Seçimler toplamı sıfır olan bir oyun. Birinin kazancı, diğerinin kaybı demek. O yüzden, Erdoğan’ın anlattığı hikayeden kaçışın hızını, ona muhalif olanların anlattığı hikayenin gücü de belirliyor.
Baktığınızda muhalefetin en iri partisi olan CHP’nin Ak Parti’nin oy kaybettiği hızda oy kazanmadığını görüyorsunuz. İktidarın kaybı, henüz muhalefetin kazancı olarak haneye yazılmış değil. Yani gelecekteki seçimi kimin kaybedeceğini bir ölçüde biliyoruz ama kimin kazanacağını bilmiyoruz.
Bu bilmeme hali temelde muhalefetin bize anlattığı öyküden kaynaklanıyor. Bazı büyük sorunları var bu öykünün.
Birincisi bir kahramanı yok; onun yerine pek de birbirine benzemeyen, zaten zaman zaman çelişen bir “kollektif kahramanlık” var. Bu, hikayeye inanmamızı zorlaştırıyor.
İkincisi, hikayenin bir mutlu sonu yok. Bize en fazla vaat ettiği şey “Artık Tayyip Erdoğan olmayacak” cümlesi.
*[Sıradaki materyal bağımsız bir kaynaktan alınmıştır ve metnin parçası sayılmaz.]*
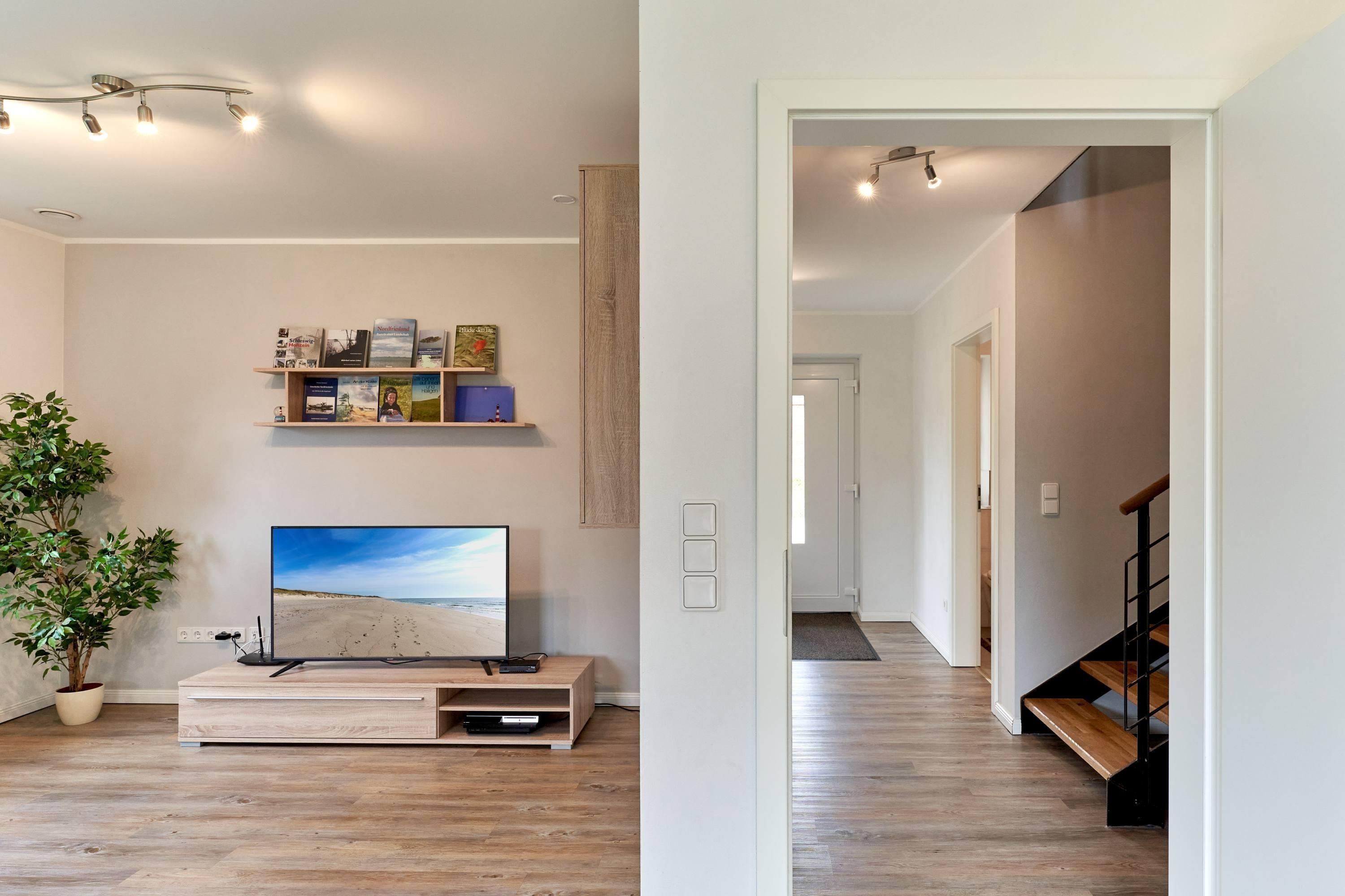 Im Erdgeschoss erwartet Sie ein großzügiger, offener Wohn- und Essbereich, der perfekt für gemeinsame Stunden mit Familie oder Freunden geeignet ist. Die großen Fensterfronten lassen viel Tageslicht herein und bieten einen herrlichen Blick in den Garten. Die bequeme Sofaecke lädt zu gemütlichen Abenden ein, sei es mit einem guten Buch oder einem spannenden Film. Ein Flachbild-TV sowie kostenfreies WLAN sorgen für Unterhaltung.

Bu da tek başına bir “mutlu son” olmak için yeterli değil.
Üçüncüsü bizi olduğumuz yerden alıp daha iyi bir yere götürme hayalini de içermiyor; en fazla “Bir anormallik içinde yaşıyorsunuz, hayatınız normal olacak” diyor.
Dördüncüsü bize ortak bir kimlik, “bu işte birlikteyiz” duygusu, “işte beni temsil eden şey bu” duygusu vermiyor bu hikaye. Çünkü altı partiyi zor bela bir arada tutabilen son derece zorlu bir diplomasiyle oluşturulan bu hikaye özenle ideolojiden ve hatta siyasetten uzak duruyor. Kastettiğim kurucu siyaset.
“Nasıl yüzde 30 hala AKP’ye oy veriyor” sorusunun cevaplarının bir kısmı bu. Zaman zaman buraya döneceğim.